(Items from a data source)
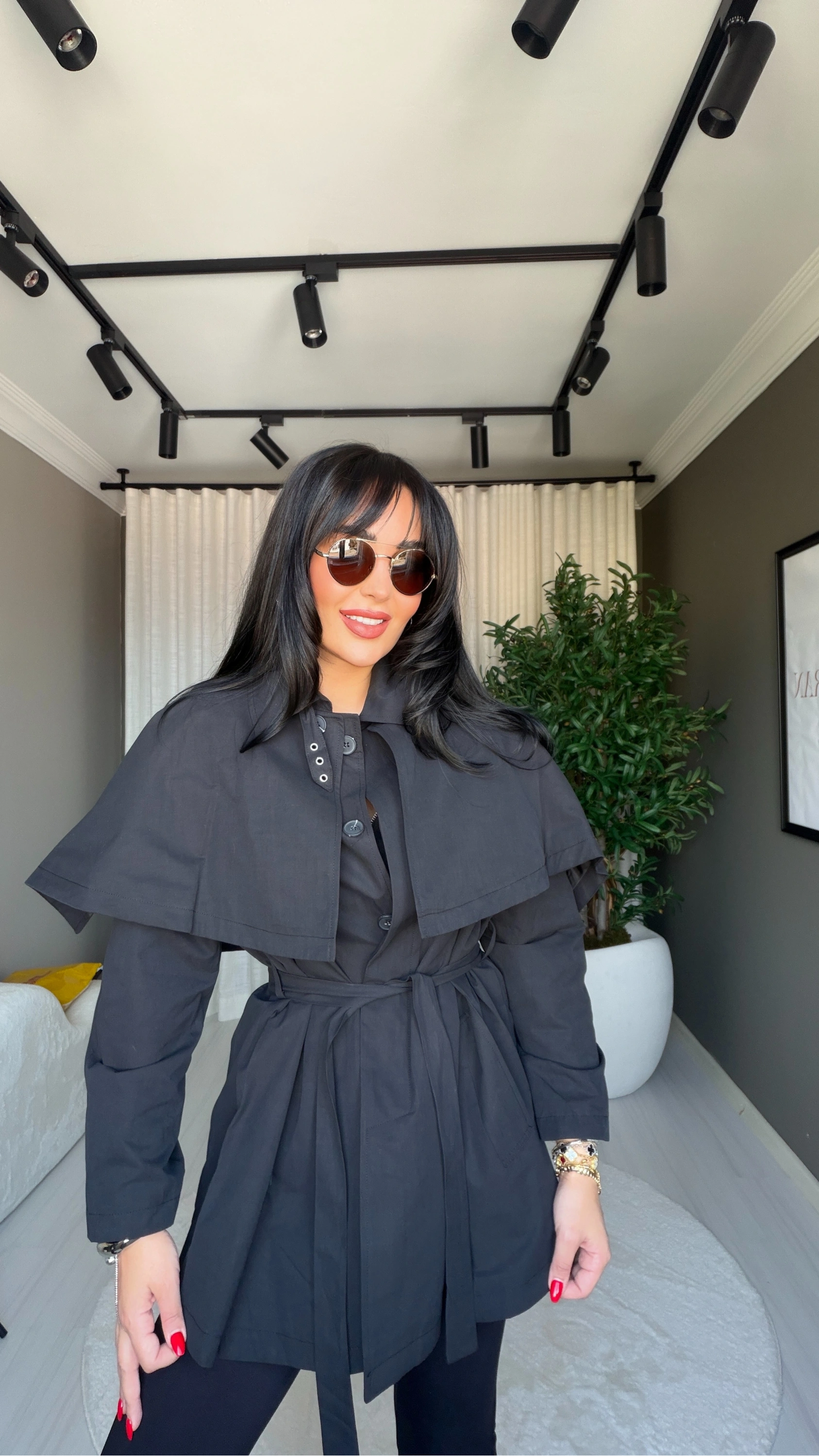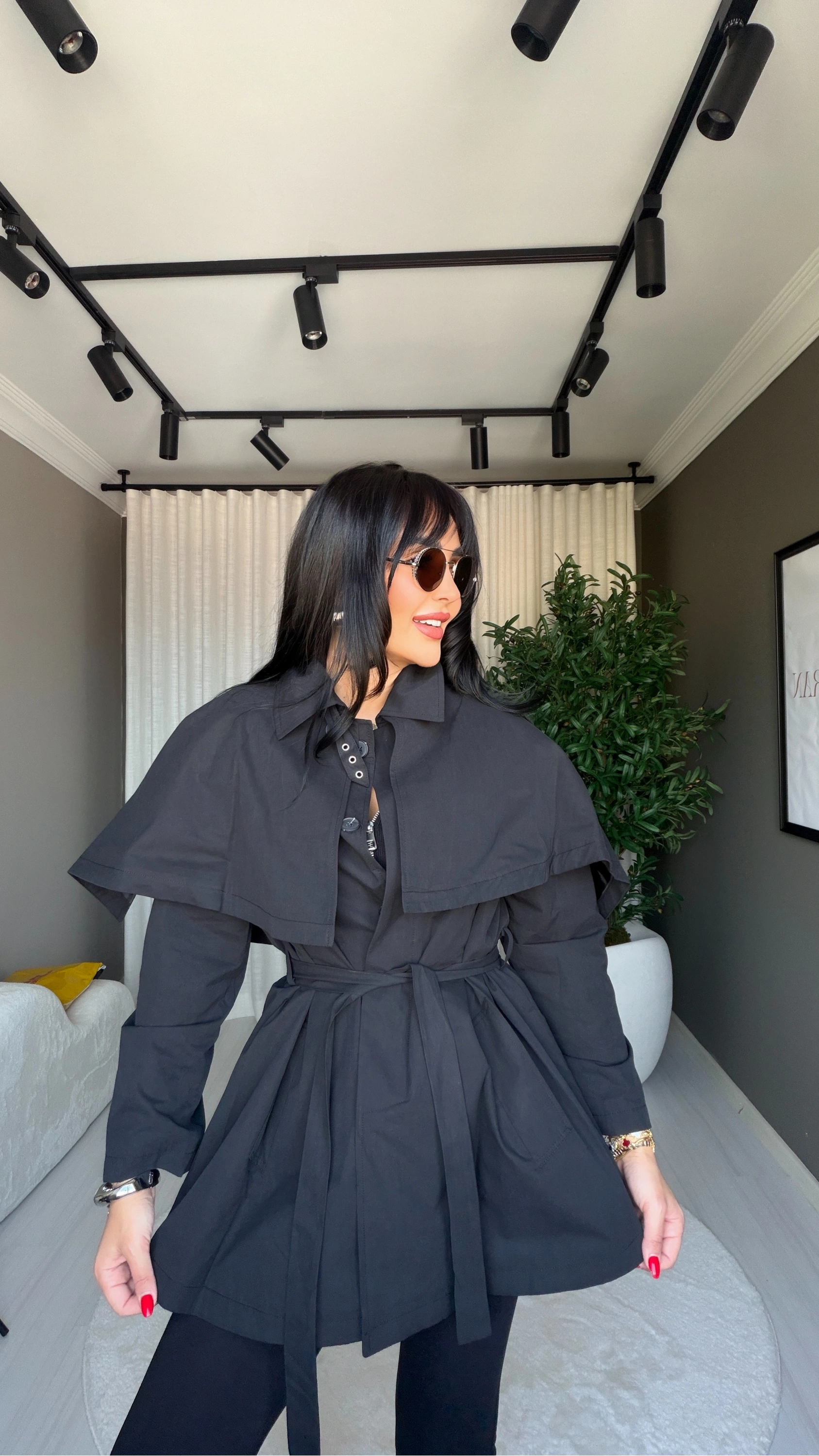Zamansız stilin vazgeçilmez parçası olan siyah trençkot, şimdi pelerin detayı ile yeniden yorumlanıyor! Hem klasik hem de modern çizgileri bir araya getiren bu özel tasarım, şehir hayatında stil sahibi görünmek isteyenler için ideal bir seçim sunar.
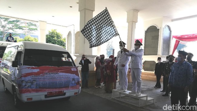 Penyaluran paket sembako tersebut, secara simbolis dilepas langsung oleh Bupati Sumedang Dony Ahmad Munir bersama wakilnya Erwan Setiawan dan disaksikan oleh jajaran Forkopimda Sumedang seusai pelaksanaan Upacara Bendera Peringatan HUT RI ke-76 di Area Gedung Induk Pusat Pemkab Sumedang, Selasa (17/8/2021).
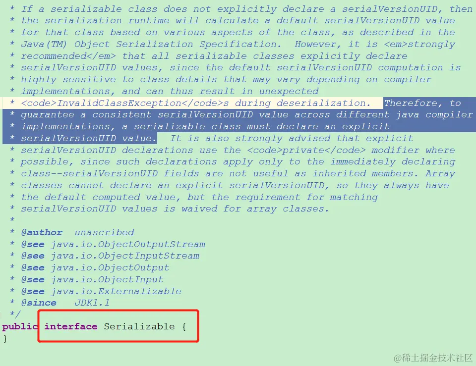 可以看到,序列化接口只是一个接口,一个标识符,继承了标识符,我们才能正确的序列化。同时,源码中也强烈建议为了确保不同的编译器的UID一致,UID必须显示声明。
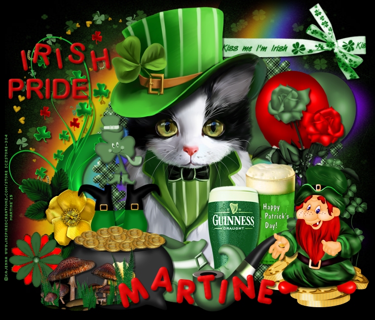 Si nécessaire, sur les petits éléments, régler la netteté. Réglage > Davantage de Netteté. pb-ip-rainbow4 - A gauche. pb-ip-rainbow3 - Mettre à droite. pb-ip-frame2 - Au milieu. pb-ip-frame1 - A gauche. pb-ip-ribbon-wrap - 53%. En haut et à droite. J'ai enlevé un tout petit bout en haut. pb-ip-balloon - A droite. J'ai coloré le ballon du milieu avec le rouge du Leprechaun. Teinte=255 et Saturation=228. J'ai ajouté mon tube au milieu. pb-ip-rose - Image > Miroir. Mettre à droite. pb-ip-rose - Recolorer la rose du haut avec le même rouge : Teinte=255 et Saturation=228. pb-ip-drink1 - 50%. pb-ip-drink3 - 55%. pb-ip-shoe - 50%. Au milieu et vers le bas. pb-ip-pot-of-gold2 - 55%, et à gauche du sabot. pb-ip-shamrock-leprechaun - 45%. En haut sur le chaudron. pb-ip-clover-coins - Image > Miroir. A droite. pb-ip-Leprechaun - 55%. A droite. pb-ip-flower2 - 35%. En bas, à gauche. J'ai ajouté 3 trèfles que j'ai d'abord coloré en rouge en haut et à gauche. J'ai pris un des trèfles du pb-ip-frame1. pb-ip-mushroom - 45%. En bas et à gauche. pb-ip-irish-pride-wa - J'ai coloré en rouge comme avant. ETAPE 2 : Texte et Crédits Texte de votre choix ou votre nom - avec la police Porky's. Et en rouge #C00000. Appliquer un Biseautage intérieur : Effets > Effets 3D > Biseautage Intérieur
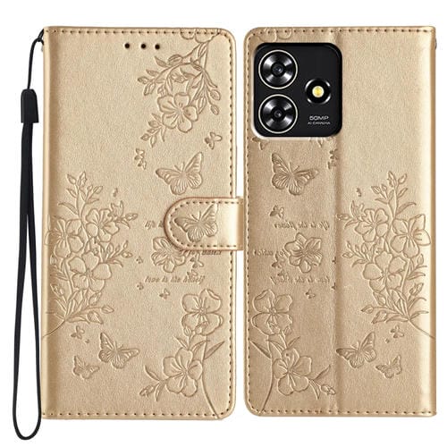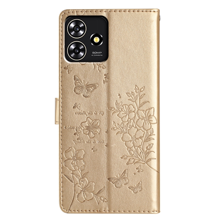 Funda para ZTE Blade A73 4G de Cuero con Relieve de Flor y Mariposa (Dorado)

Aim of the exercise: Every line from the one containing "Penyaluran paket sembako" through the last line of the data, both included, is to be repeated exactly; the pictures are to be left out.

Solution to the exercise:
 Penyaluran paket sembako tersebut, secara simbolis dilepas langsung oleh Bupati Sumedang Dony Ahmad Munir bersama wakilnya Erwan Setiawan dan disaksikan oleh jajaran Forkopimda Sumedang seusai pelaksanaan Upacara Bendera Peringatan HUT RI ke-76 di Area Gedung Induk Pusat Pemkab Sumedang, Selasa (17/8/2021).
 可以看到,序列化接口只是一个接口,一个标识符,继承了标识符,我们才能正确的序列化。同时,源码中也强烈建议为了确保不同的编译器的UID一致,UID必须显示声明。
 Si nécessaire, sur les petits éléments, régler la netteté. Réglage > Davantage de Netteté. pb-ip-rainbow4 - A gauche. pb-ip-rainbow3 - Mettre à droite. pb-ip-frame2 - Au milieu. pb-ip-frame1 - A gauche. pb-ip-ribbon-wrap - 53%. En haut et à droite. J'ai enlevé un tout petit bout en haut. pb-ip-balloon - A droite. J'ai coloré le ballon du milieu avec le rouge du Leprechaun. Teinte=255 et Saturation=228. J'ai ajouté mon tube au milieu. pb-ip-rose - Image > Miroir. Mettre à droite. pb-ip-rose - Recolorer la rose du haut avec le même rouge : Teinte=255 et Saturation=228. pb-ip-drink1 - 50%. pb-ip-drink3 - 55%. pb-ip-shoe - 50%. Au milieu et vers le bas. pb-ip-pot-of-gold2 - 55%, et à gauche du sabot. pb-ip-shamrock-leprechaun - 45%. En haut sur le chaudron. pb-ip-clover-coins - Image > Miroir. A droite. pb-ip-Leprechaun - 55%. A droite. pb-ip-flower2 - 35%. En bas, à gauche. J'ai ajouté 3 trèfles que j'ai d'abord coloré en rouge en haut et à gauche. J'ai pris un des trèfles du pb-ip-frame1. pb-ip-mushroom - 45%. En bas et à gauche. pb-ip-irish-pride-wa - J'ai coloré en rouge comme avant. ETAPE 2 : Texte et Crédits Texte de votre choix ou votre nom - avec la police Porky's. Et en rouge #C00000. Appliquer un Biseautage intérieur : Effets > Effets 3D > Biseautage Intérieur
 Funda para ZTE Blade A73 4G de Cuero con Relieve de Flor y Mariposa (Dorado)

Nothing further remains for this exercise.